Go read this at https://civitai.com/articles/138 In there it is updated and has images.

Making a Lora is like baking a cake. Lots of preparation and then letting it bake. If you didn't properly make the preparations, it will probably be inedible.
I am making this guide for offline creation, you can also use google collab but I have no experience with that.
First you need some indispensable things:

  1. A nvidia videocard with at least 6GB but realistically 8 GB of VRAM. Solutions for ATI cards exist but are not mature yet.
  2. Enough disk space to hold the installations
  3. A working installation of Automatic1111 https://github.com/AUTOMATIC1111/stable-diffusion-webui or another UI and some Models (for anime it is recommended to use the NAI family: NAI, AnythingV3.0, AnythingV4.0, AnythingV4.5) I normally use AnythingV4.5 https://huggingface.co/andite/anything-v4.0/blob/main/anything-v4.5-pruned.safetensors
  4. A collection of images for your character. More is always better.
  5. Kohya’s scripts, a one click installer for windows can be found at https://github.com/derrian-distro/LoRA_Easy_Training_Scripts, just run the install file in an empty folder. It requires a specific Python version so take care of that.

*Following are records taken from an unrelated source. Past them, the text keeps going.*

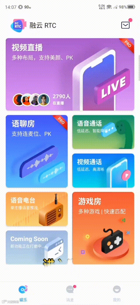 融云互动游戏服务,助力社交、泛娱乐应用抓住这一趋势。语聊房之外,视频直播、1V1 聊天、IM 聊天、游戏平台、实时社区等,都可以通过融云互动游戏 SDK,快速融合游戏性。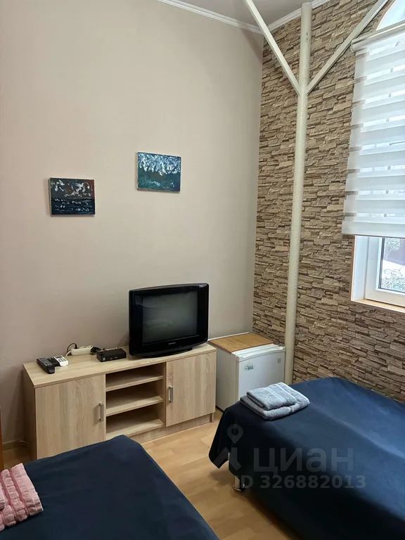 Небольшая комната для экономных гостей. Все необходимое для однократной ночевки или длительного проживания: холодильник, телевизор, кондиционер, современные кровати с новыми матрасами и качественным постельным бельём- у нас спать хорошо! Рядом с номером -общая кухня со всем необходимым для приготовления или разогрева пищи, столовая с диваном и большим телевизором и камином, для желающих- выход на мангальную зону ( жарим шашлык-башлык) или на веранду для курения. В 100 метрах- курортный парк и аллея 1000 сосен, магазины, кафе, остановки.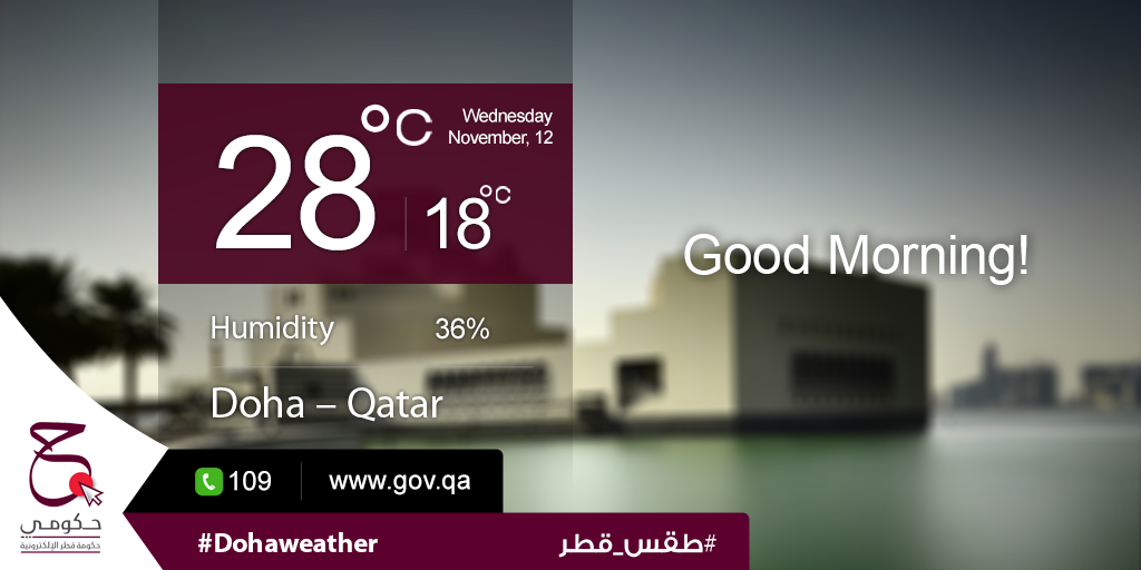 Today's highest temp: 28ºC, lowest temp: 18ºC and humidity: 36%. #Hukoomi #Qatar #DohaWeatherpic.twitter.com/rdJC4HZLtC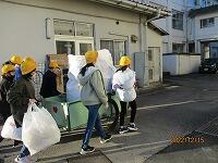 ボランティア委員会の児童が、協力してアルミ缶を集め、アルミ缶置き場まで持っていきました。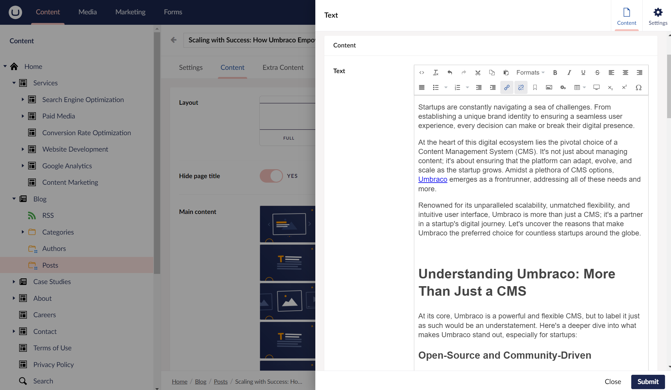 Umbraco’s intuitive interface is designed with the user in mind, eliminating the steep learning curves often associated with powerful digital platforms. Simple drag-and-drop functionalities, clear content hierarchies, and a clean dashboard mean that tasks which once required technical intervention can now be executed in a few clicks. For startups, this translates to a faster-paced, more collaborative environment. When a content creator can directly upload a blog post, or a product manager can update product details without waiting for IT support, it accelerates workflows and ensures that the website remains dynamic and up-to-date.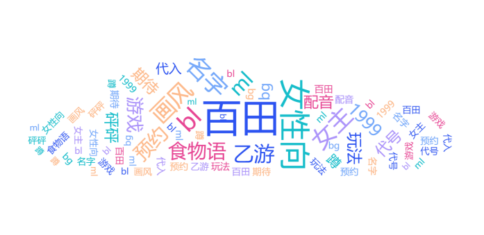 将《代号砰砰》小红书官方账号首曝PV下的评论区进行数据抓取并提取高频词制作词云图,可以很明显看到玩家关注的关键词集中在“百田”“女性向”“食物语”“乙游”“BL”这些有关项目背景的讨论上。此外,“配音”“玩法”“代入”“画风”“预约”等也受到高度关注。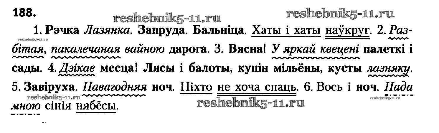 Готовая домашняя работа с ответами по Белорусскому языку за 8 класс Бадзевіч, Саматыя Учебник Национальный институт образования 2015 ФГОС - Упражнения 188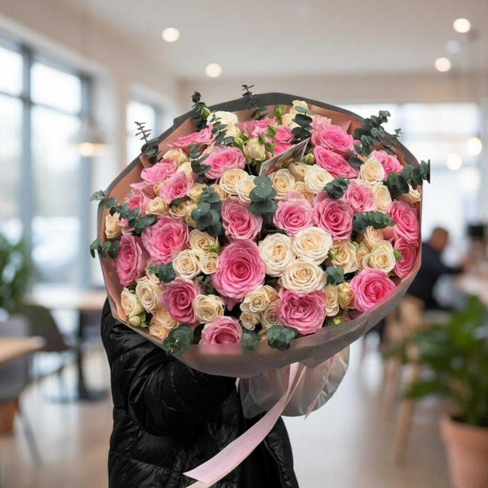 Faites sensation avec ce somptueux bouquet haut de gamme. Composé de 31 roses rose vif et de 15 roses branchues pêche délicates, cet arrangement floral offre un volume et une texture exceptionnels. Agrémenté d'eucalyptus frais et d'un élégant emballage givré, il constitue le cadeau idéal pour un anniversaire ou toute autre occasion. Composé à la main, il est conçu pour impressionner par sa palette douce et romantique.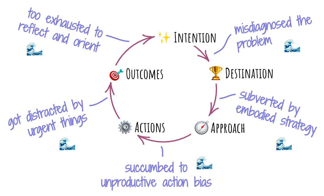 이 과정의 각 단계마다, 우리의 의도와 결과 사이를 어긋나게 만들 수 있는 여러 가지 오류가 숨어 있다. 우리는 종종, 우리가 이해한 상황을 마치 실제 현실처럼 받아들이고(“보이는 것이 전부다”), 진단이 사실이 아니라 가설에 불과하다는 점을 잊곤 한다. 또한 조직 안에 뿌리내린 습관, 문화, 관행들, 즉 ‘몸에 밴 전략(embodied strategy)’에 이끌려, 진단에 맞는 새로운 방법이 아닌 익숙한 방식을 고집하게 되기도 한다.

That’s enough for a start Next begins the tedious part dataset cleanup:

  1. have to scrape a booru either manually or using a script, for rarer things you might end up re-watching that old anime you loved when you were a kid and going frame by frame doing screencaps, mpc-hc(https://github.com/clsid2/mpc-hc/releases/) has a handy feature to save screencaps to png with a right clickfilesave Image.
  2. Get all your images to an useful format that means preferably png but jpg might suffice. For gif i use a crappy spliter(https://github.com/adnanafzal565/GIF-Splitter) open source program. for webp I use dwebp straight from the google libraries(https://storage.googleapis.com/downloads.webmproject.org/releases/webp/index.html) dump dwebp from the downloaded zip into your images folder, open cmd in there and run <for %f in (*.webp) do dwebp.exe "%f" -o "%~nf.png"> that will convert all the webp images into pngs
  3. Unless you are making a huge LORA which accounts for style then remove from your images dataset any that might clash with the others for example chibi or Superdeformed versions of the characters. This can be accounted for by specific tagging but that can lead to a huge inflation of the time required to prepare the LORA.
  4. Exclude any images that have too many elements or are cluttered, for example group photos, gangbang scenes where too many people appear.
  5. Exclude images with watermarks or text in awkward places where it can’t be photoshopped out.
  6. Ok so you have some clean-ish images or not so clean ones that you can’t get yourself to scrap. The next fun part is manual cleaning. Do a scrub image by image trying to crop, paint over or delete any extra elements. The objective is that only the target character remains in your image (If you character is interacting with another for example having sex, it is best to crop the other character mostly out of the image). Try to delete or fix watermarks, speech bubbles and sfx text. Resize small images and pass low res images through img2img to upscale them.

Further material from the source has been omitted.